:: Exercise prompt ::
Only lines with the word "degree" are needed; collect each of them from the listing below.
══ Input ══
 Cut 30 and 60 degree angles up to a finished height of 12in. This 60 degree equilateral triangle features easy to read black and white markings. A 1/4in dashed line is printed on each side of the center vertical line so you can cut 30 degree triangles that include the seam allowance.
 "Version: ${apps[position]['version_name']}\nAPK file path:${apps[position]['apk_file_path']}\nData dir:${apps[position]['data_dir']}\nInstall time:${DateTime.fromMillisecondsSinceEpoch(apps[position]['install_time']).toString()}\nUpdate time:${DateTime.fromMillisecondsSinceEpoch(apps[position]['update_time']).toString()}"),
═══
══ Input ══
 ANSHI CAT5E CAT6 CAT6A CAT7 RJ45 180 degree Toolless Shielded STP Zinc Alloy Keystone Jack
═══
:: Solution to this task ::
 Cut 30 and 60 degree angles up to a finished height of 12in. This 60 degree equilateral triangle features easy to read black and white markings. A 1/4in dashed line is printed on each side of the center vertical line so you can cut 30 degree triangles that include the seam allowance.
 ANSHI CAT5E CAT6 CAT6A CAT7 RJ45 180 degree Toolless Shielded STP Zinc Alloy Keystone Jack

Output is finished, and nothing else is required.